Threshould \(t\) at which probability of becoming a candidate is \(\frac{1}{2}\). Treat \(t\) as function of \(b\) and \(r\): \(\frac{1}{2} = 1 - (1 - t^r)^b\) - thus approximation is \(\frac{1}{b}^\frac{1}{r}\)

- fix \(k\) and construct for each document its set of \(k\)-shingles
- sort document-shingle pairs by shingle
- Fix \(n\) for the minhash signatures and compute them
- Fix the number of bands \(b\) and the number of rows \(r\) such that \(br = n\) and the threshold \(t = \frac{1}{b}^\frac{1}{r}\)
- find candidate pairs
- check whether threshould is passed indeed
- optinally, check the candidate documents whether they are truly similar as expected

Build inverted index, to discover candidates compute prefixes in set of length

\(|u| - ceil(t \cdot |u|) + 1\)

where \(t\) is Jaccard Similarity threshold. Only compare when prefix elements are candidates in other prefixes. Note: this can miss similar records.

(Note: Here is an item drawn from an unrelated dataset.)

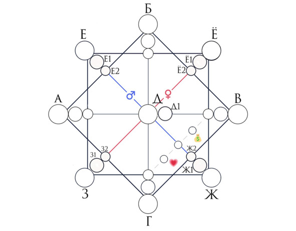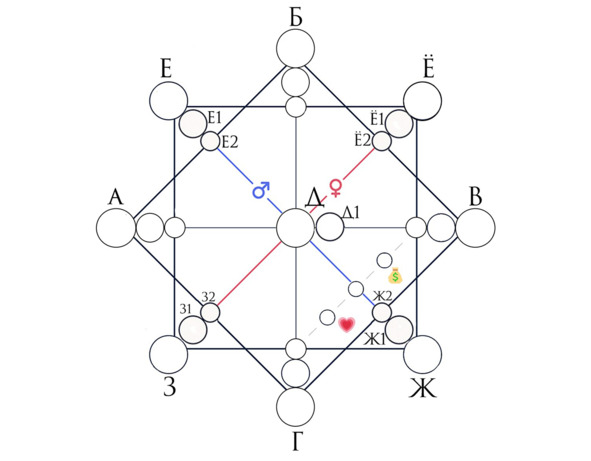 А вот после этого наступает интересный момент, т.к. перед тем, как просчитывать линии, нам нужно рассчитать центр родового квадрата – точку Д1. Данная точка называется сила рода. Именно через эту точку делается расчет родовых линий, а не через наш центр.

- each feature (word, shingle) of a document is assigned as dimension
- number of occurrences is the value in respective dimension

A *distance measure* is a function \(d(x, y)\) that takes two vectors \(x, y\) and produces a real number satisfying these axioms:

- \(d(x, y) \geq 0\)
- \(d(x, y) = 0\) iff \(x = y\)
- \(d(x, y) = d(y, x)\)
- \(d(x, y) \leq d(x, z) + d(z, y)\)

Jaccard: \(d(x, y) = 1 - SIM(x, y)\) Hamming: \(d([x_1, ..., x_n], [y_1, ..., y_n]) = |\{i \in \{1, ...,n\} | x_i \neq y_i\}|\) Euclidean Distance: \(d([x_1, ..., x_n], [y_1, ..., y_n]) = \sqrt{\sum^n_{i=1}(x_i - y_i)^2}\) Manhattan: \(d([x_1, ..., x_n], [y_1, ..., y_n]) = \sum^n_{i=1} | x_i - y_i |\) Cosine similarity: \(sim([x_1, ..., x_n], [y_1, ..., y_n]) = \frac{\vec{x} \cdot \vec{y}}{||\vec{x}|| \cdot || \vec{y} ||}\) Cosine distance: \(d(\vec{x}, \vec{y}) = 1 - sim(\vec{x}, \vec{y})\)

Given:

- information about users: ID, ratings, preferences, demographics, …
- information about products: ID, title, genre, directory, …

We would like to compute a ranking based on which relevant interesting items can be recommended.

Differente types of RS are:

- collaborative: based on previous decisions of other users
- content-based: based on user’s previous decisions
- social: based on trust relations, friendships, …
- knowledge-based: based on user’s needs
- hybrid: combinations of various mechanisms

Typically sparse matrix with users \(U = \{u_1, ..., u_n\}\) and products \(P = \{p_1, ..., p_m\}\) \(R\) containing ratings. Goals is to find \(pred(a, p)\) where \(a\) is an active user of \(U\) for all non rated items \(p\) that maximizes \(a\)’s utility.

Assumptions: If users had similar taste in past, they will have similar taste in the future and preferences remain stable and consistent over time.

Rating \(r(a, q)\) of some item \(q\) for active user \(a\) is predicated based on ratings \(r(u, p)\) assigned to item \(p\) by other users \(u \in U\).

Predict similarity of item by finding similar users to the active user.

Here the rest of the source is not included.